Creating Tall Arrays

When you extract a variable from a tall table or tall timetable, the result is a tall array of the appropriate underlying data type. A tall array can be a numeric, logical, datetime, duration, calendar duration, categorical, string, or cell array. Also, you can convert an in-memory array A into a tall array with tA = tall(A). The in-memory array A must have one of the supported data types.

Extract the arrival delay ArrDelay from the tall timetable TT. This creates a new tall array variable with underlying data type double.

a = TT.ArrDelay

a =

  M×1 tall double column vector

     8
     8
    21
    13
     4
    59
     3
    11
    :
    :

The classUnderlying and isaUnderlying functions are useful to determine the underlying data type of a tall array.

Lazy Evaluation

One important aspect of tall arrays is that as you work with them, most operations are not performed immediately. These operations appear to execute quickly, because the actual computation is deferred until you specifically request that the calculations be performed. You can trigger evaluation of a tall array with either the gather function (to bring the result into memory) or the write function (to write the result to disk). This lazy evaluation is important because even a simple command like size(X) executed on a tall array with a billion rows is not a quick calculation.

As you work with tall arrays, MATLAB keeps track of all of the operations to be carried out. This information is then used to optimize the number of passes through the data that will be required when you request output with the gather function. Thus, it is normal to work with unevaluated tall arrays and request output only when you require it. For more information, see Lazy Evaluation of Tall Arrays.

Calculate the mean and standard deviation of the arrival delay. Use these values to construct the upper and lower thresholds for delays that are within one standard deviation of the mean. Notice that the result of each operation indicates that the array has not been calculated yet.

m = mean(a,'omitnan')

m =

  tall double

    ?

Preview deferred.
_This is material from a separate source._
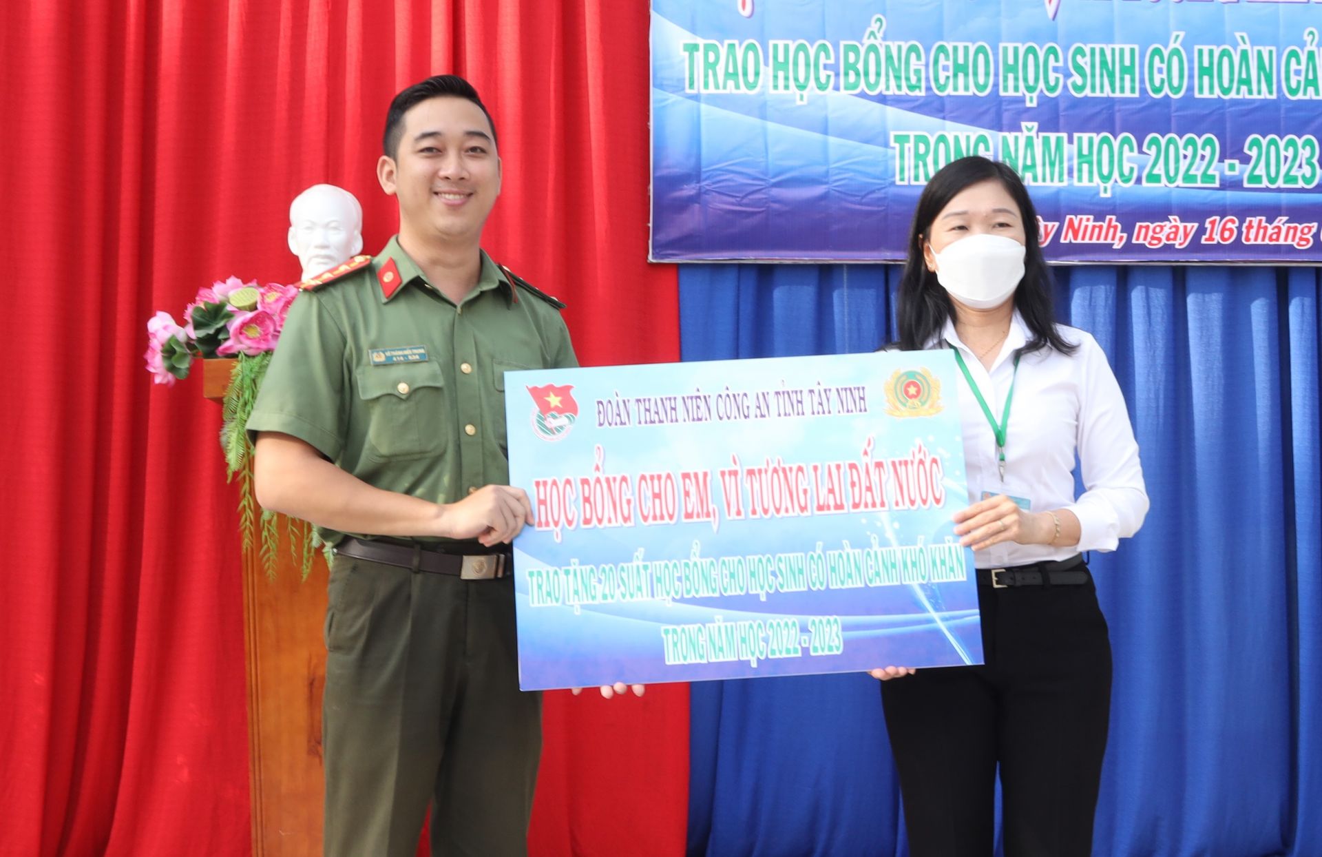 Đại uý Võ Thành Hiếu Trung- Phó Bí thư Đoàn Thanh niên CATN trao 20 suất học bổng cho 20 học sinh nghèo hiếu học, mỗi suất trị có giá 500.000 đồng. Đây là hoạt động nằm trong chương trình “Học bổng cho em, vì tương lai đất nước” do Đoàn Thanh niên Công an tỉnh phát động nhằm kịp thời chia sẻ, hỗ trợ các em học sinh có hoàn cảnh khó khăn có thêm động lực để tiếp tục vươn lên, đạt kết quả tốt trong học tập và rèn luyện.

Learn more.

s = std(a,'omitnan')

s =

  tall

    ?

Preview deferred. Learn more.

one_sigma_bounds = [m-s m m+s]

one_sigma_bounds =

  M×N×... tall array

    ?    ?    ?    ...
    ?    ?    ?    ...
    ?    ?    ?    ...
    :    :    :
    :    :    :

Preview deferred. Learn more.

Evaluation with `gather`

The benefit of lazy evaluation is that when the time comes for MATLAB to perform the calculations, it is often possible to combine the operations in such a way that the number of passes through the data is minimized. So even if you perform many operations, MATLAB only makes extra passes through the data when absolutely necessary.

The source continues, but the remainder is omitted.